如何在Oracle中编写SQL以返回带有rolloup计数的树视图:
SQL会返回这个:
KLAS - COUNT
----------------------------------------------
ROOT - 10
KLAS1 - 5
KLAS2 - 2
KLAS3 - 3
KLAS4 - 5
KLAS5 - 5
KLAS6 - 0
KLAS7 - 0
我有两个表,一个是结构保持,第二个是我有数据的地方。
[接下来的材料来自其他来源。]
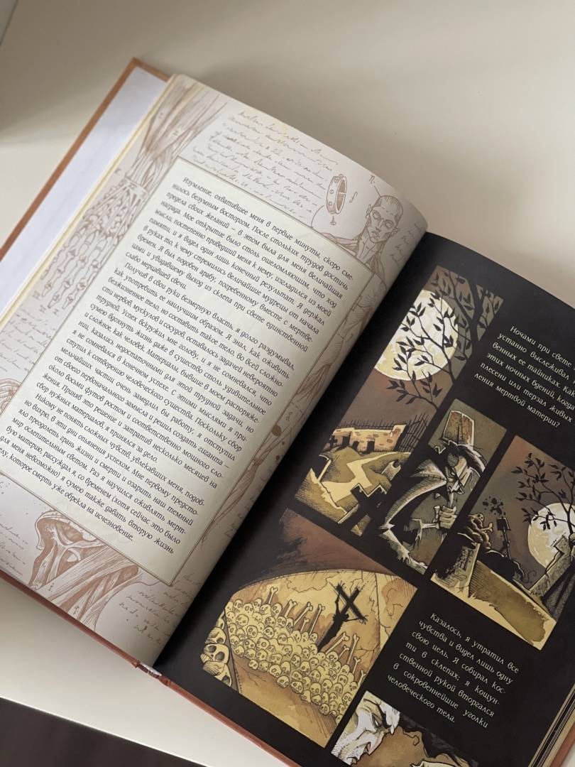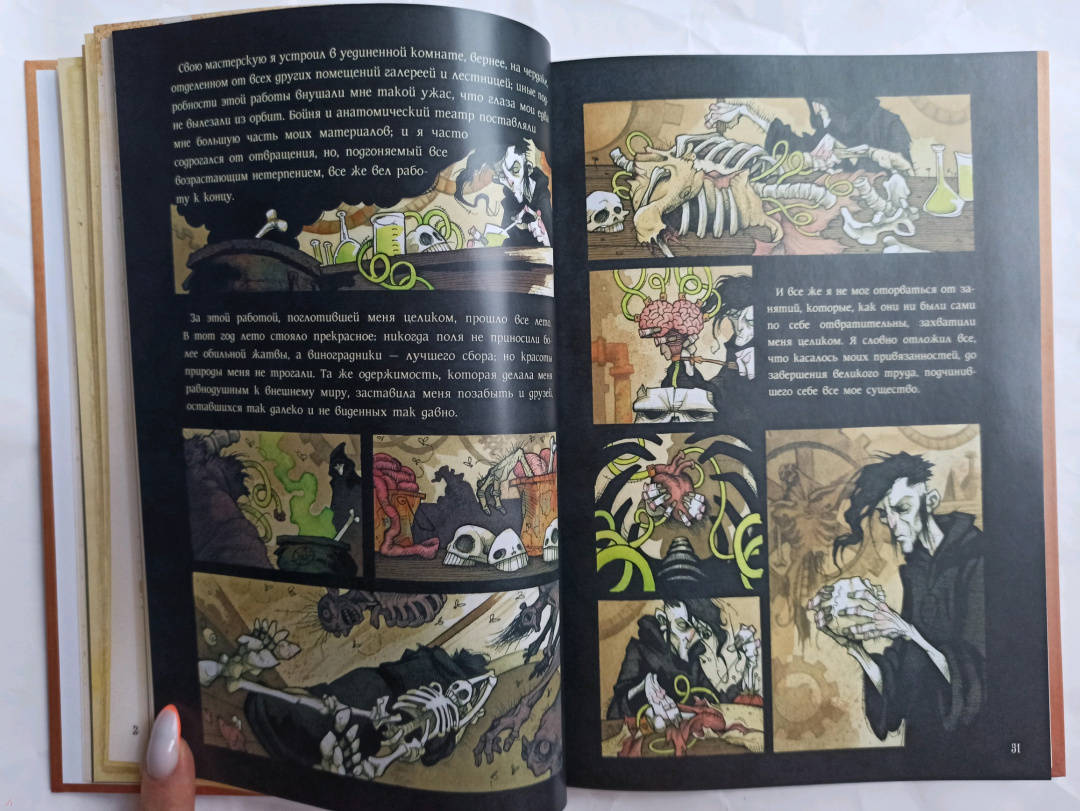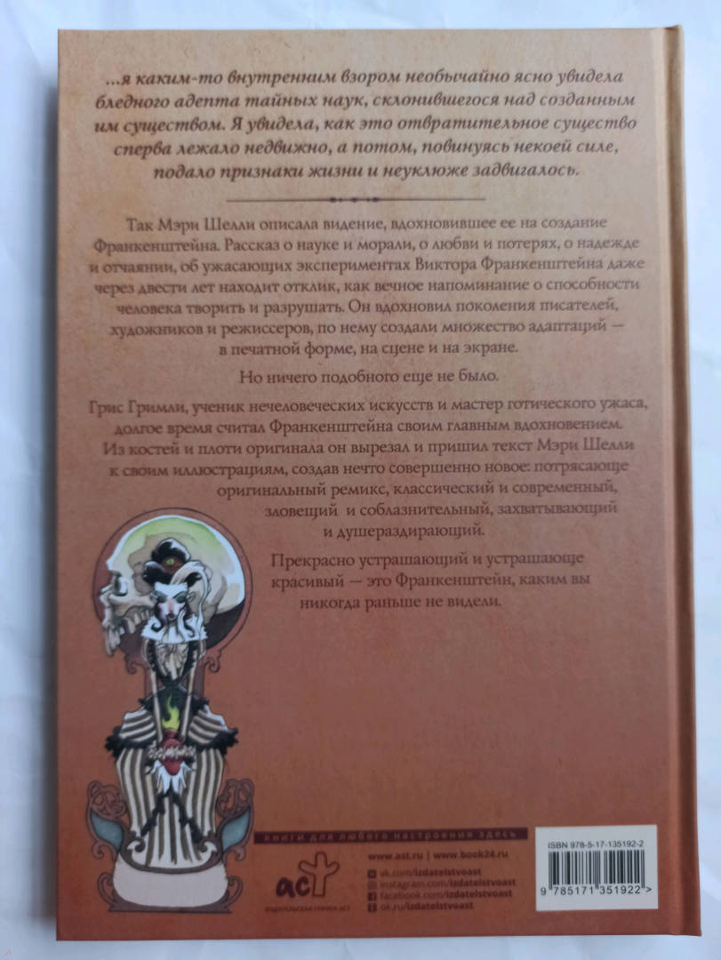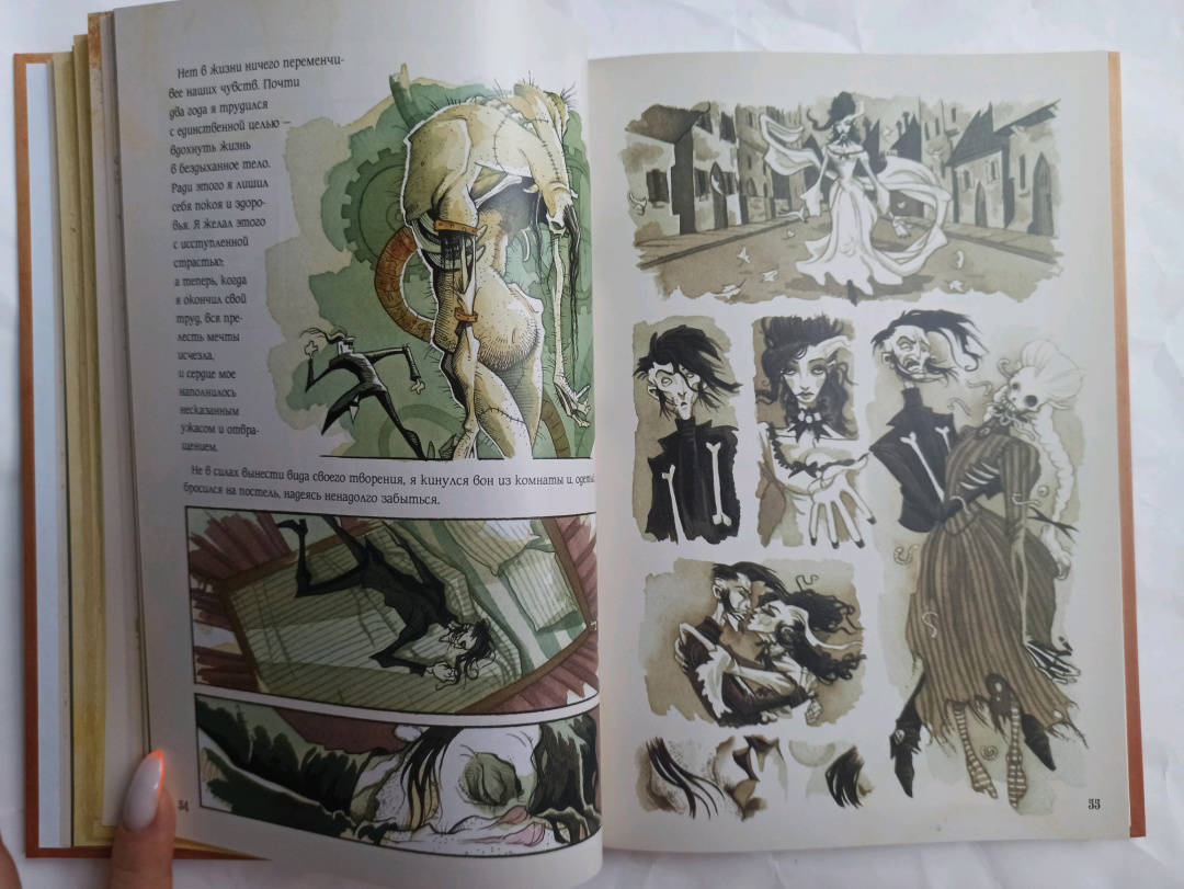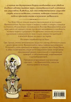 Описание…я каким-то внутренним взором необычайно ясно увидела бледного адепта тайных наук, склонившегося над созданным им существом. Я увидела, как это отвратительное существо сперва лежало недвижно, а потом, повинуясь некоей силе, подало признаки жизни и неуклюже задвигалось.Так Мэри Шелли описала видение, вдохновившее ее на создание Франкенштейна. Рассказ о науке и морали, о любви и потерях, о надежде и отчаянии, об ужасающих экспериментах Виктора Франкенштейна даже через двести лет находит отклик, каквечное напоминание о способности человека творить и разрушать. Он вдохновил поколения писателей, художников и режиссеров, по нему создали множество адаптаций — в печатной форме, на сцене и на экране.Но ничего подобного еще не было.Грис Гримли, ученик нечеловеческих искусств и мастер готического ужаса, долгое время считал Франкенштейна своим главным вдохновением. Из костей и плоти оригинала он вырезал и пришил текст Мэри Шелли к своим иллюстрациям, создав нечто совершенно новое: потрясающе оригинальный ремикс, классический и современный, зловещий и соблазнительный, захватывающий и душераздирающий.Прекрасно устрашающий и устрашающе красивый — это Франкенштейн, каким вы никогда раньше не видели.Свернуть…я каким-то внутренним взором необычайно ясно увидела бледного адепта тайных наук, склонившегося над созданным им существом. Я увидела, как это отвратительное существо сперва лежало недвижно, а потом, повинуясь некоей силе, подало признаки жизни и неуклюже задвигалось.Так Мэри Шелли описала видение, вдохновившее ее на создание Франкенштейна. Рассказ о науке и морали, о любви и потерях, о надежде и отчаянии, об ужасающих экспериментах Виктора Франкенштейна даже через двести лет находит отклик, каквечное напоминание о способности человека творить и разрушать. Он вдохновил поколения писателей, художников и режиссеров, по нему создали множество адаптаций — в печатной форме, на сцене и на экране.Но ничего подобного еще не было.Грис Гримли, ученик нечеловеческих искусств и мастер готического ужаса, долгое время считал Франкенштейна своим главным вдохновением. Из костей и плоти оригинала он вырезал и пришил текст Мэри Шелли к своим иллюстрациям, создав нечто совершенно новое: потрясающе оригинальный ремикс, классический и современный, зловещий и соблазнительный, захватывающий и душераздирающий.Прекрасно устрашающий и устрашающе красивый — это Франкенштейн, каким вы никогда раньше не видели.СвернутьСвернуть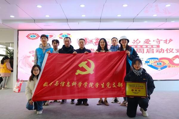 数学与信息科学学院学生党支部书记樊琬、组织委员丁力、宣传委员张国盛及部分学生代表出席参加了由江苏血液中心、中国狮子联会江苏代表处主办的“红色行动,为爱守护——为献血喝彩,向生命致敬”无偿献血宣传周启动仪式。
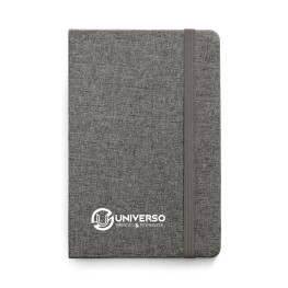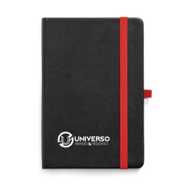 Caderno de couro sintético, marcador de página em cetim e fita elástica para fechar. Contém aproximadamente 78 folhas amareladas sem pauta.
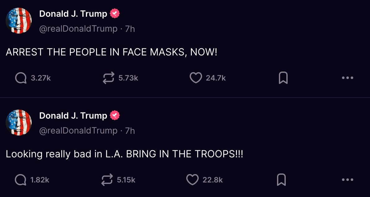 it cannot be stressed enough that Donny posted this about six hours before a single National Guard deployed in Los Angeles.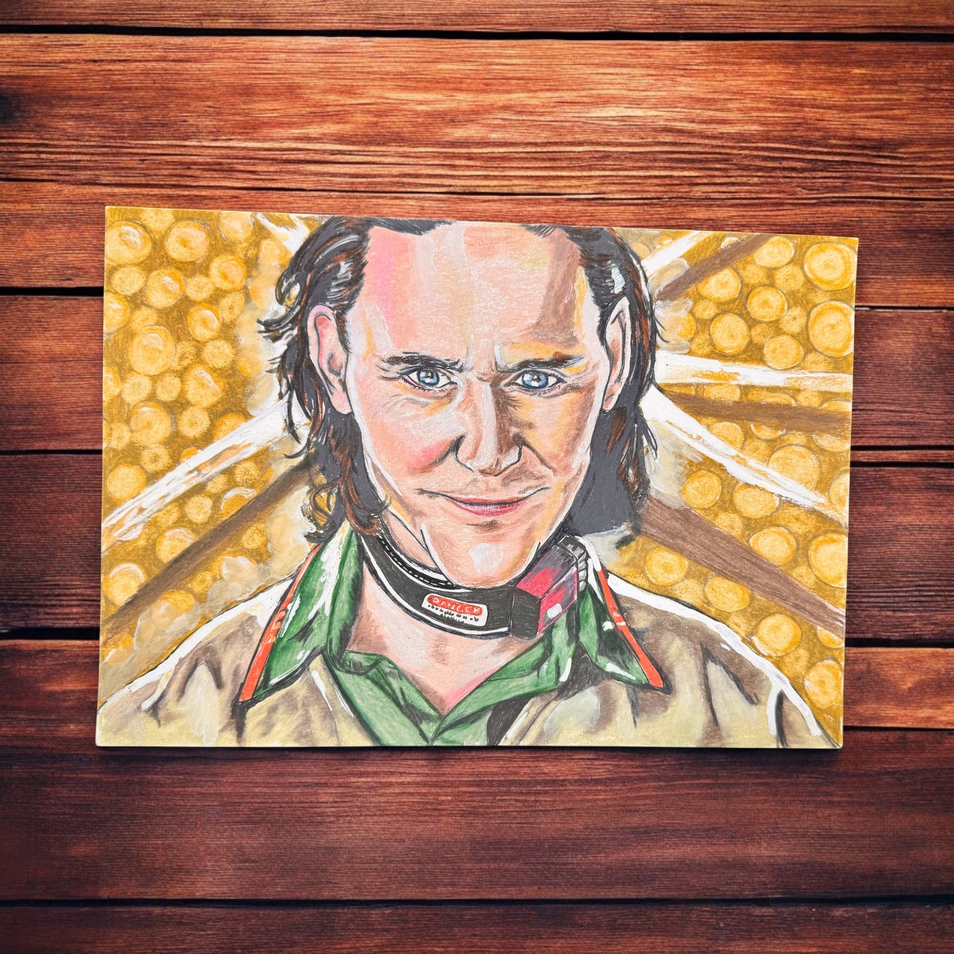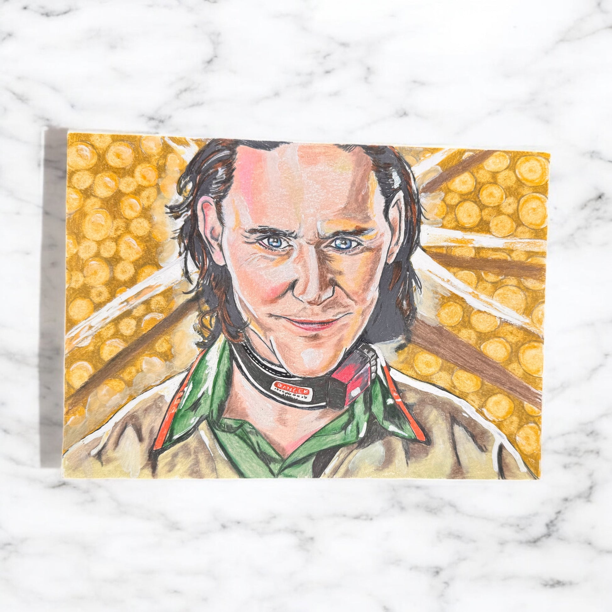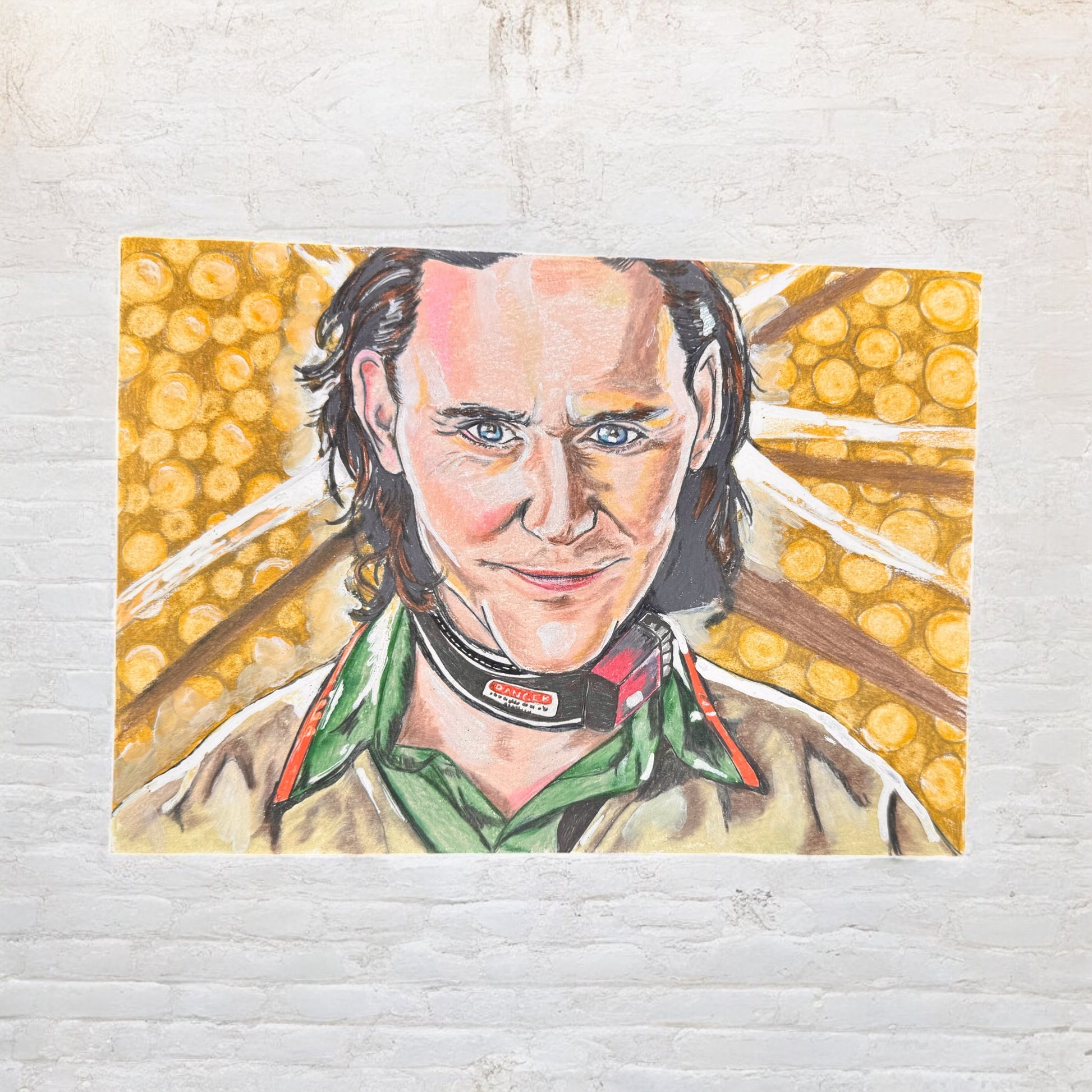 Loki Variant is a 7x10 inch colored pencil drawing inspired by Marvel’s Loki series. Capturing the mischievous charm of the God of Chaos himself, this fan art pays homage to his multiverse-hopping identity with vibrant colors, sharp contrasts, and expressive realism.

两张桌子都由klas coumn加入
复制表格的代码:
create table table1 (id number, parent_id number, klas varchar2(10));
insert into table1 (id, parent_id, klas) values (1, null, 'ROOT');
insert into table1 (id, parent_id, klas) values (2, 1, 'KLAS1');
insert into table1 (id, parent_id, klas) values (3, 2, 'KLAS2');
insert into table1 (id, parent_id, klas) values (4, 2, 'KLAS3');
insert into table1 (id, parent_id, klas) values (5, 1, 'KLAS4');
insert into table1 (id, parent_id, klas) values (6, 5, 'KLAS5');
insert into table1 (id, parent_id, klas) values (7, 1, 'KLAS6');
insert into table1 (id, parent_id, klas) values (8, 7, 'KLAS7');
create table table2 (klas varchar2(10), cnt number);
insert into table2(klas, cnt) values ('KLAS2', 2);
insert into table2(klas, cnt) values ('KLAS3', 3);
insert into table2(klas, cnt) values ('KLAS5', 5);
commit;
问候,伊戈尔
答案 0 :(得分:0)
with c1 (parent_id, id, klas, p, o) as
(
select
parent_id, id, klas, '' as p, lpad(id, 10, '0') as o
from table1
where parent_id is null
union all
select
table1.parent_id, table1.id, table1.klas,
c1.p || '.....',
c1.o || '.' || lpad(table1.id, 10, '0') as o
from table1
inner join c1 on table1.parent_id = c1.id
),
c2 (id, klas, p, o, cnt) as
(
select c1.id, c1.klas, c1.p, c1.o, nvl(table2.cnt, 0)
from c1
left outer join table2 on c1.klas = table2.klas
)
select c3.p || c3.klas, (select sum(cnt) from c2 where c2.o like c3.o || '%') from c2 c3
order by c3.o
SQLFiddle - http://sqlfiddle.com/#!4/be779/97
<强>解释
第一个CTE用于定位(即.....)和排序(这是通过构建列o来确保孩子们在父母之下(所以如果父o是xxxx,孩子将是xxxx) ||)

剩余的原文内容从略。